Thanks for your help

----------


## simondillon

Does anyone know if the details for the owners builders course the lukelegend is referriny to. 
Any help appreciated.

----------


## Toothman

You should be able to find all the info here:  http://www.bsa.qld.gov.au/HomeOwners...derCourse.aspx 
Cheers,
Toothman

----------


## lukelegend

I did mine with there guys,  http://www.ownerbuilding.com.au/ 
just a weekend course, nothing too hard  :Smilie:

----------


## Aussie Builder

Guys, guys, guys 
Unless you have some General knowledge in regards to building then going owner builder can be a big risk. 
Sure it saves you money. but YOU are left with all the responsibility, warranties and defects are your problem. Tradies do a rough or dodgy job. its your problem not theirs as YOU are their supervisor.  
Builders charge alot. thats because WE take all responsibility. if our work is defective we come and fix it at no cost to you.  
remember.. PAY PEANUTS YOU GET MONKEYS!!  never accept the cheapest price when choosing a builder!

----------


## watson

G'day you Aussie Builder bloke you.. 
Most of the members who posted in this thread (except Gooner) have moved on.
The thread is over two years old

----------


## mattwilliams78

I'm still here  :Smilie:  .....haven't gotten around to that extension yet though (my keyword search brought me back here again!)

----------


## MPN

Hi, I'm new to the forum and hoping to learn something about pref extensions.
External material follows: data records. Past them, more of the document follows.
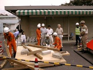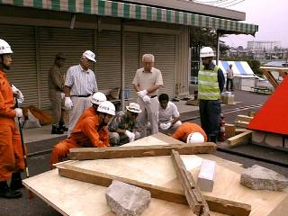 ![]() みんなで協力してまず崩れやすく、重たい物を取り除きまし た。二次倒壊を防ぐためです。 |
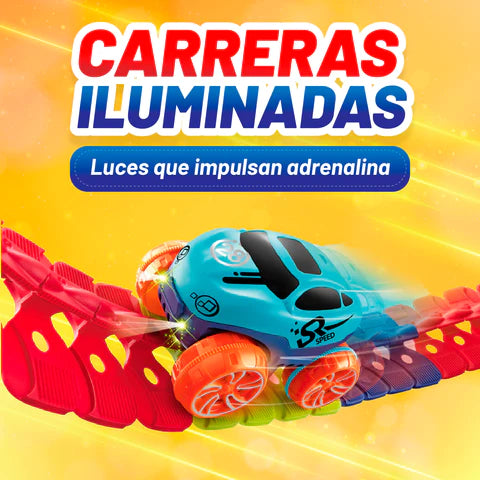 PISTA DE CARROS FLEXIBLE CON LUZ (2 CARRITOS) - JUGUETE TENDENCIA
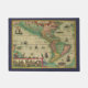 Vintage illustration antique world map featuring the Americas, 1606, this international chart includes North, Central and South America and the Atlantic and Pacific Oceans. By cartographer Jodocus Hondius (aka Jodocus Hondius the Elder). Ships are sailing on the seas with a variety of marine life and there is a scene with native people and animals in the corner inset.

We have a late Edwardian semi in Elsternwick (Vic) and are investigating doing an extension using a prefabricated design. The extension will be 10mt x 6.5mt and will incorporate a kitchen / lounge / dining at the rear of the house. I believe that the prefab option is very cost effective nd that the materials and finish are good. 
Does anyone have any experience with prefab extensions? Can you recommend any companies / any pitfalls to be aware of? ANy counsel will be greatly appreciated. MPN

----------


## shauck

> Hi, I'm new to the forum and hoping to learn something about pref extensions. We have a late Edwardian semi in Elsternwick (Vic) and are investigating doing an extension using a prefabricated design. The extension will be 10mt x 6.5mt and will incorporate a kitchen / lounge / dining at the rear of the house. I believe that the prefab option is very cost effective nd that the materials and finish are good. 
> Does anyone have any experience with prefab extensions? Can you recommend any companies / any pitfalls to be aware of? ANy counsel will be greatly appreciated. MPN

  Did you know that the trade schools make transportable homes and likely very well priced. I did my pre-apprenticeship in Melton at Vic Uni about 6 years ago. At the time, we built a transportable and the teacher told me it would sell for cost plus 10%. Can't beat that.

----------


## barney118

Well picked up Watson, it is quite old. Each state has different requirements regarding owner builder check dept fair trading (in NSW they issue the permit). Check out the owner builder forum to learn more. As an OB myself I put up a rear house extension of 4mx9m a few years ago and used the same roofline by addition of trusses, colorbond roof.
OB course plus permit $200
Plans - did myself nil
Council fees $1k
Surveyor $500
Engineering $1200
Trusses - $3k
Roof battens $1k
Builders blanket $1k
Guttering and roof material ($7k)
Subfloor and frames ($6k)
flooring $4k 
Still need to complete my build estimated downstairs $30k.
OB warranty only needed in NSW if you have a contractor who's bill is over $12k

----------